After an overwrought breakfast that included a deep pile of scrambled eggs, two sausage patties along with two biscuits smothered in a rich sausage gravy, I kept stalling in hopes of photographing all three of those landforms with ample sunlight. Below us the Shoshone bubbled over fields of rounded river stones. My only downfall was the swollen, droopy lip, although the knowledge that I could eat without food falling from my mouth was welcomed. Then the sun came out!

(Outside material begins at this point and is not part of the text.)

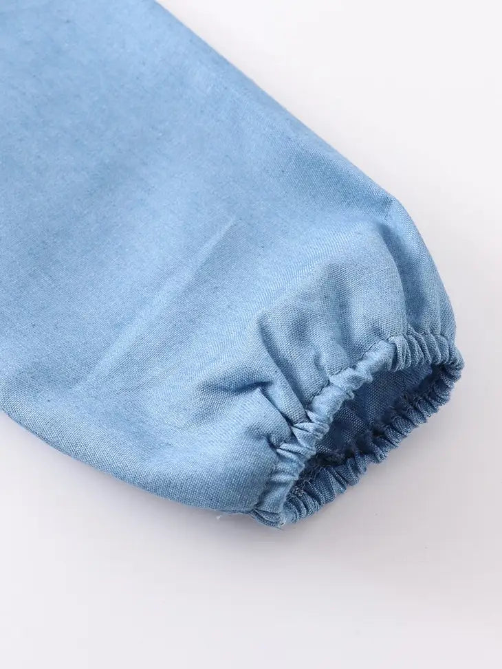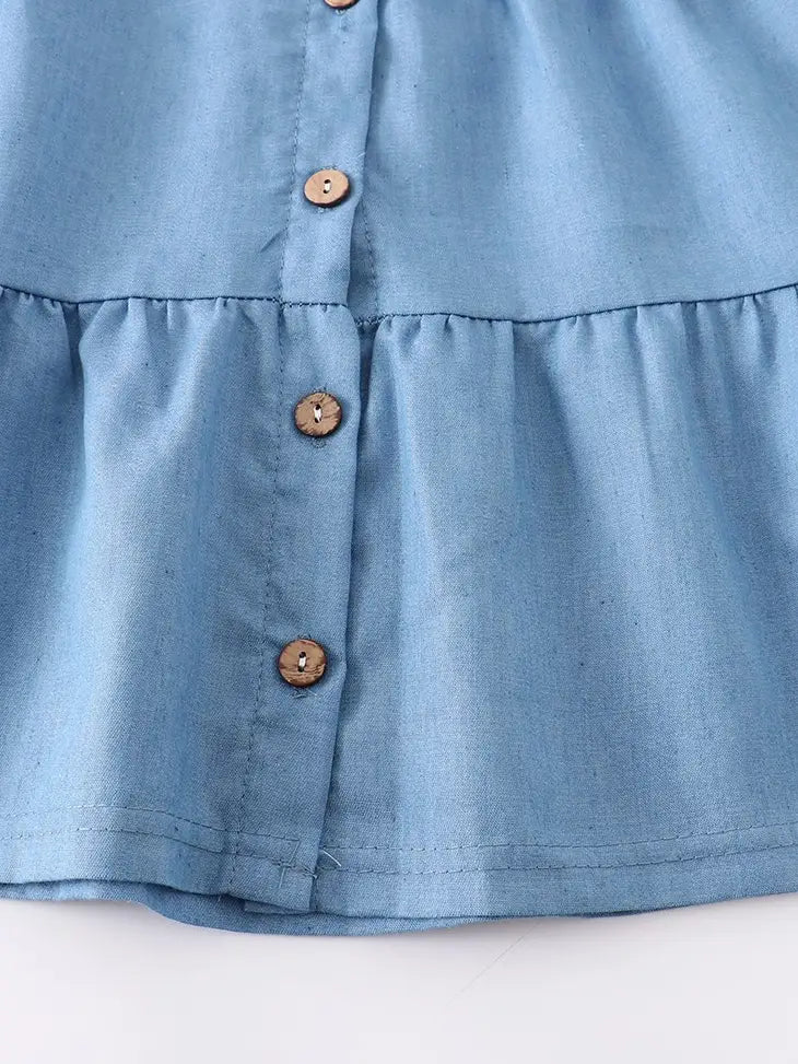 Light blue button down ruffle dress

Our drive home was to be about 12 hours from Wapiti, not including the time zone change. Yes, we were a day ahead of where we might have been had we found an open spot in the Tetons. But we were basically limping home with a hurting camping trailer and a weariness that comes with too many long days on the highways. After an overnight in an Aberdeen motel noted for Covid cleanups, we were still two to three hours from the farm. Although we had seen hints of autumn in North Dakota, Montana and along the Snake in Wyoming, we were still taken back a bit. If those murmurations in North Dakota, and the birds congregating in trees and resting in the reservoir of the Montana state park hadn’t been fair warning, the ravines in the Coteau told us all we needed to know … the seasons were changing.
Not far from the town limits of Summit we started passing the ravines of the Coteau where autumn was in full swing. Leaves were turning, which added to the hundreds of geese and duck we had seen in the wetlands and lakes along the highway near Webster. It was fair warning that fall was encroaching, and that those wonderful times afield might be coming to an end. We hold hopes of having a repaired camper by October, for we have a dream of camping in Maplewood State Park before the real snows come.